▸ Your goal
Exact copy, pictures excluded: write out every line below.

▸ Material provided
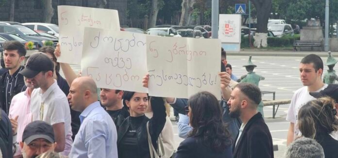 რუსთავში საკრებულოს რიგგარაშე სხდომის პარალელურად მერიასთან აქცია მიმდინარეობს
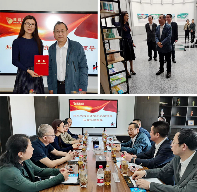 董玉庭一行第二站走訪了哈爾濱兒童制藥廠有限公司,我校87級染整工程專業優秀校友鄭微微任公司董事長。座談交流會上,董玉庭向鄭微微校友頒發了齊齊哈爾大學創新創業導師聘書。鄭微微校友高度評價母校多年來在人才培養、科研創新等方面所取得的成績,表達了對母校的感激之情。董玉庭表示,校友在各自的領域辛勤耕耘,施展才華,創造佳績,不僅為社會各項事業做出了重要貢獻,更為母校贏得了社會聲譽。他還為校友企業提質增效提出了“堅持一種理念、建立一種機制、解決一個矛盾、實現一種推介”的建議,堅持一種理念,即堅持讓科研成果積極對接市場,延長成果轉化鏈,有效提高成果轉化率及其市場價值的理念;建立一種機制,即建立并落實以市場為導向、企業為主體、產學研相結合的科技成果轉化機制;解決一個矛盾,即解決高質量科技供給同市場需求之間的矛盾;實現一種推介,即通過在統一的科研成果大市場實現成功推介,完成科研成果的落地成金。
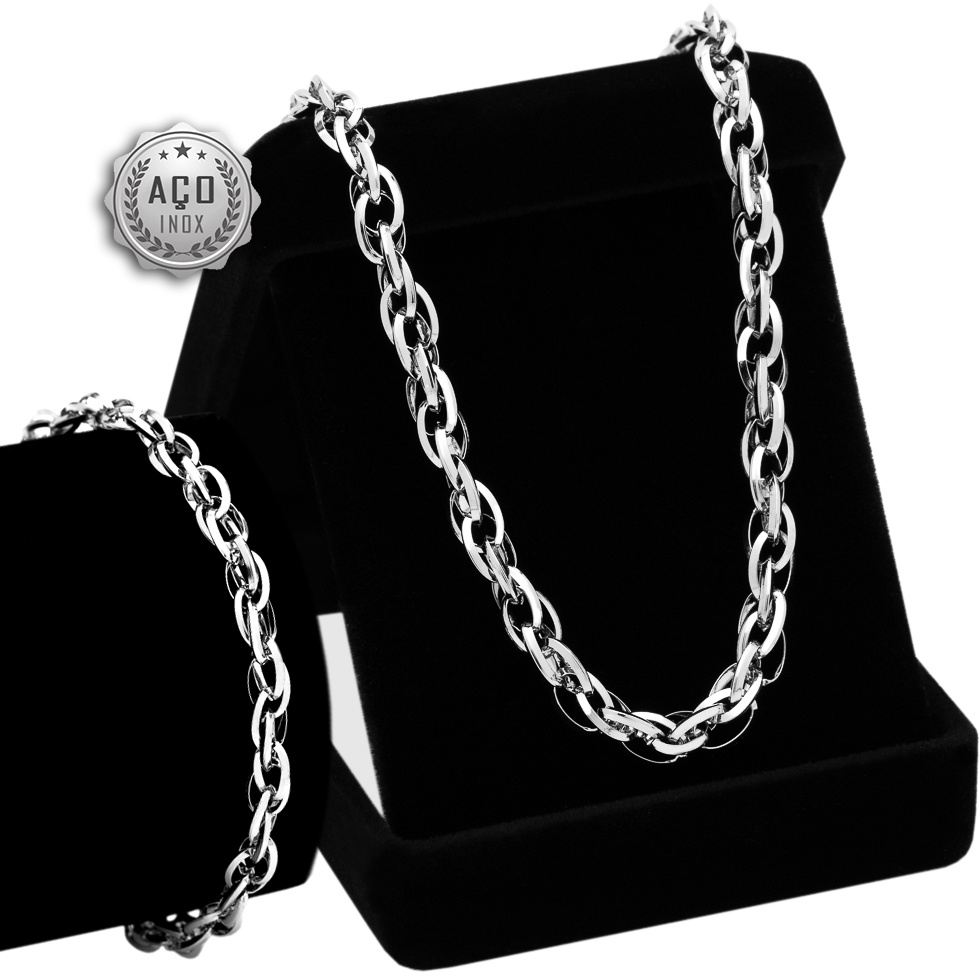 Conjunto Corrente Pulseira Masculina 4mm Cj-82 Aco Inox 316l OGrife

▸ Your response
 რუსთავში საკრებულოს რიგგარაშე სხდომის პარალელურად მერიასთან აქცია მიმდინარეობს
 董玉庭一行第二站走訪了哈爾濱兒童制藥廠有限公司,我校87級染整工程專業優秀校友鄭微微任公司董事長。座談交流會上,董玉庭向鄭微微校友頒發了齊齊哈爾大學創新創業導師聘書。鄭微微校友高度評價母校多年來在人才培養、科研創新等方面所取得的成績,表達了對母校的感激之情。董玉庭表示,校友在各自的領域辛勤耕耘,施展才華,創造佳績,不僅為社會各項事業做出了重要貢獻,更為母校贏得了社會聲譽。他還為校友企業提質增效提出了“堅持一種理念、建立一種機制、解決一個矛盾、實現一種推介”的建議,堅持一種理念,即堅持讓科研成果積極對接市場,延長成果轉化鏈,有效提高成果轉化率及其市場價值的理念;建立一種機制,即建立并落實以市場為導向、企業為主體、產學研相結合的科技成果轉化機制;解決一個矛盾,即解決高質量科技供給同市場需求之間的矛盾;實現一種推介,即通過在統一的科研成果大市場實現成功推介,完成科研成果的落地成金。
 Conjunto Corrente Pulseira Masculina 4mm Cj-82 Aco Inox 316l OGrife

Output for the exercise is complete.